The Rev. Stephanie Wethered, rector of St. Peter’s Episcopal Church in Essex Fells, New Jersey, told ENS in an interview that it made “no business or moral sense” to her to require all diocesan clergy to face the potential of a salary and/or benefit reduction in order to ensure that a handful of parishes “do the right thing” and insure their eligible lay employees.

St. Peter’s parish fully covers the cost of providing her and its four full-time lay employees with health, short-term disability and life insurance, pension benefits and a health savings account. She said the parish purchases its health insurance for less money outside of the Medical Trust and thus she opposes the mandate that participants purchase insurance via that agency.

A plan to present the cost-sharing proposal at the diocese’s January convention was shelved in favor of a special convention on the issue June 9. In announcing the special convention, Bishop Mark Beckwith said that there are “some critical justice issues in providing parity of benefits for the clergy and laypeople who work for the church” and added that there are also “some significant financial realities that need to be considered.” He said the committee’s proposal had sought a balance between what he called “justice and financial reality.”

Wethered told ENS that she is “heartened” by recent refinements the advisory committee has made to the proposal that will come to the special convention.
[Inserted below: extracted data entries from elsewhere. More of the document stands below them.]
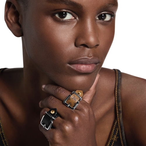 The LV Emblem ring set is a celebration of the iconic Louis Vuitton signatures. It offers two rings modeled after the House’s elegant belts, styled in leather and Monogram Reverse canvas with a trunk-style rivet. With their palladium-colored buckles, these adjustable rings can be worn on any finger, alone or stacked, for an edgy fashion-forward effect.
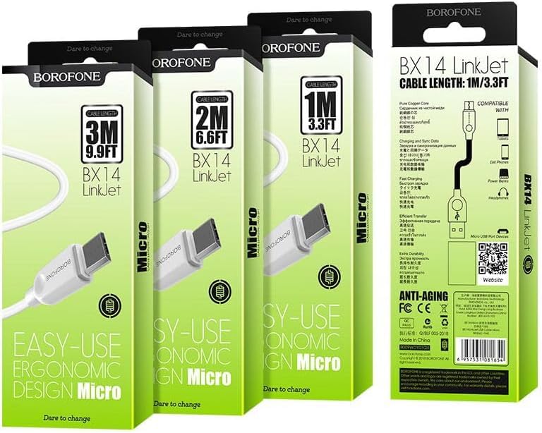 BOROFONE - كابل مايكرو يو اس بي لينك جيت bx14 من بوروفون، 2 متر - ابيض
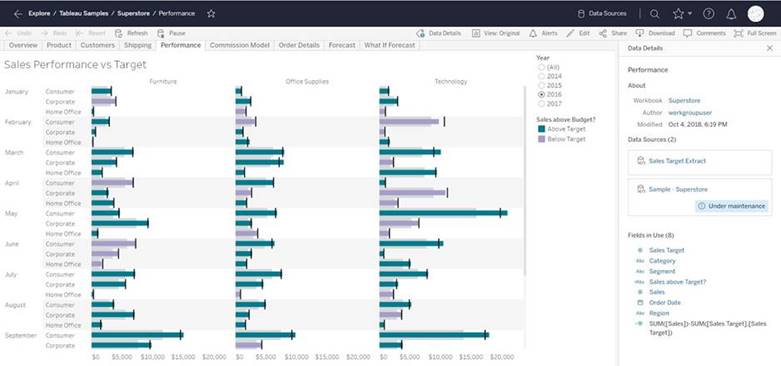 Tableau 2019.3. Cette version apporte d'autres nouveautés, telles que « Explique-moi les données », qui s'appuie sur l'intelligence artificielle pour fournir automatiquement des informations utiles. Pour en savoir plus ou pour effectuer la mise à niveau, rendez-vous sur https://www.tableau.com/fr-fr/products/new-features.
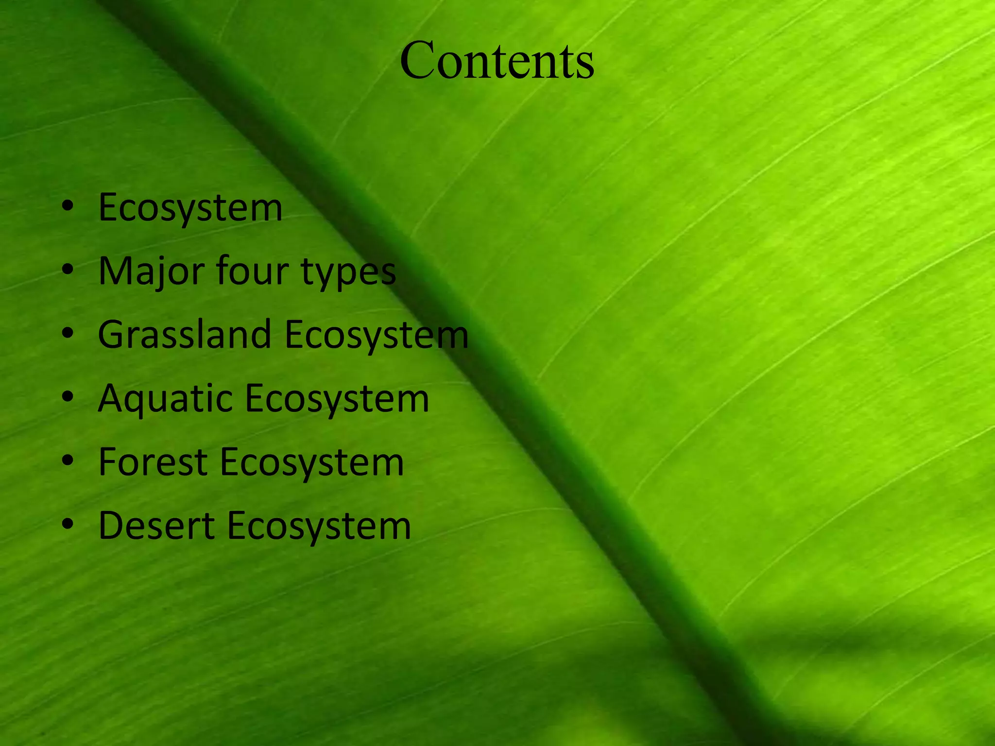 There are four major types of ecosystems: grassland, forest, aquatic, and desert. Each ecosystem is defined by its biotic and abiotic factors. Biotic factors include living organisms, while abiotic factors include non-living elements like air, soil, water, and sunlight. Ecosystems are classified based on these factors and provide important functions such as purifying water, recycling nutrients, and supporting biodiversity.

While the 10 percent cost-sharing proposal is still on the table the group has proposed alternative ways to achieve parity in funding.

In January, the annual diocesan convention asked General Convention delay the implementation deadline. The language echoed an October 2011 resolution in the Diocese of Olympia.

Predictions of unintended consequences
Those advocating for changes in the plan not only worry that the ways dioceses set their cost sharing policies could result in an effective salary reduction to those whose benefits are currently fully paid by their employers, they also suggest that employers will choose the minimum standard as the maximum standard and employees would thus have their benefits reduced.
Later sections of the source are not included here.